What you need to do: Start with the line that holds "- Safety and". Please copy it and each remaining line below exactly, leaving pictures out.
*** Dataset content ***
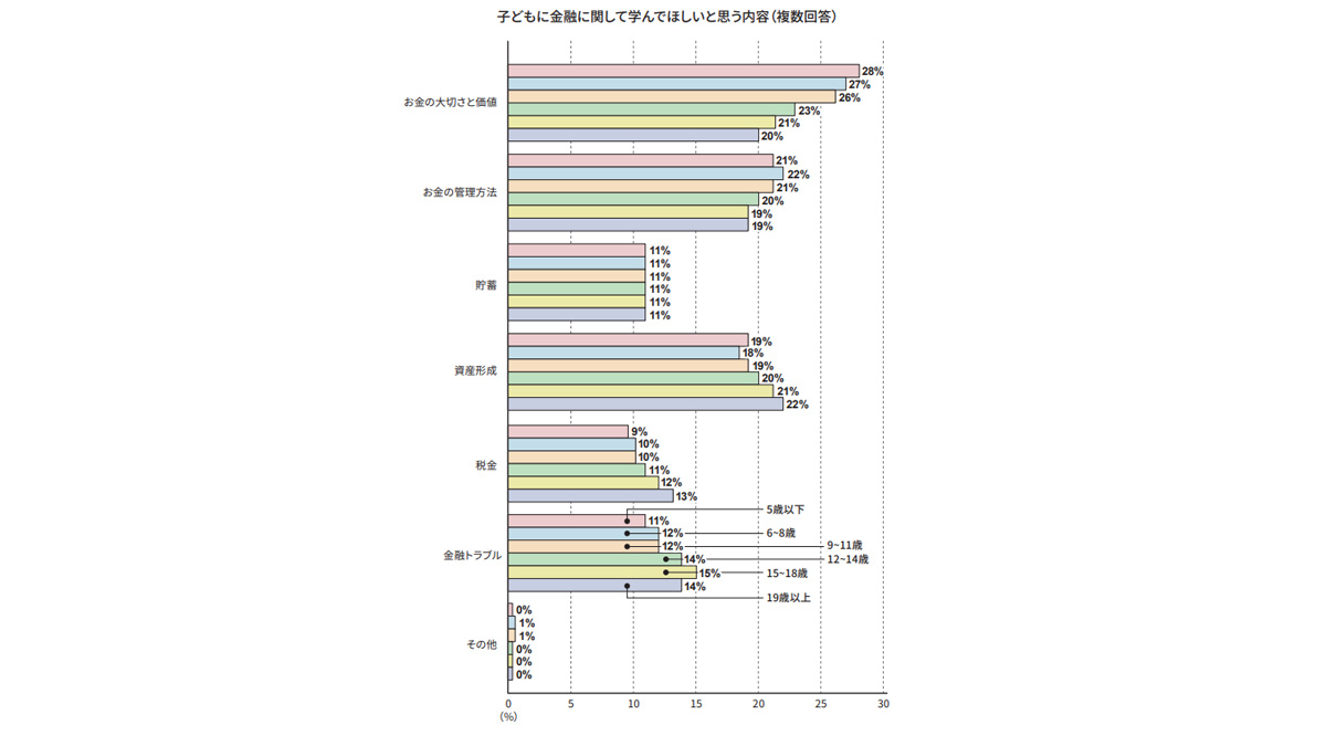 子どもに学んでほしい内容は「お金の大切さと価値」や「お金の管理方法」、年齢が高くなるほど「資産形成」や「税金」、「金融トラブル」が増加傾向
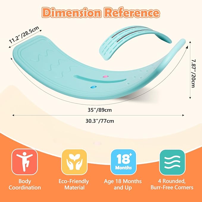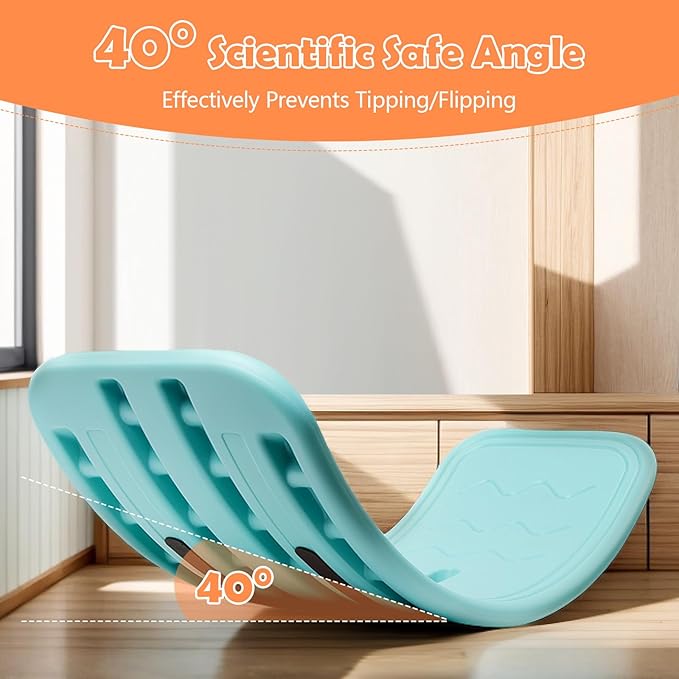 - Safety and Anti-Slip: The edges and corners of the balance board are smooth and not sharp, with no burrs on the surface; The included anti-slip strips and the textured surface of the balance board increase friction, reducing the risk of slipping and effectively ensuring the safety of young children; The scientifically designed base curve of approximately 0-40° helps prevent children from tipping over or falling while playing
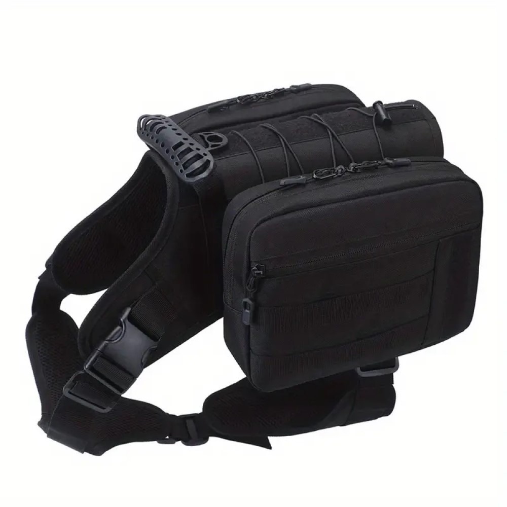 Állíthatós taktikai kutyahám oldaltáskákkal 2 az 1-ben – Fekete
*** End of Dataset content ***
Result for this exercise:
 - Safety and Anti-Slip: The edges and corners of the balance board are smooth and not sharp, with no burrs on the surface; The included anti-slip strips and the textured surface of the balance board increase friction, reducing the risk of slipping and effectively ensuring the safety of young children; The scientifically designed base curve of approximately 0-40° helps prevent children from tipping over or falling while playing
 Állíthatós taktikai kutyahám oldaltáskákkal 2 az 1-ben – Fekete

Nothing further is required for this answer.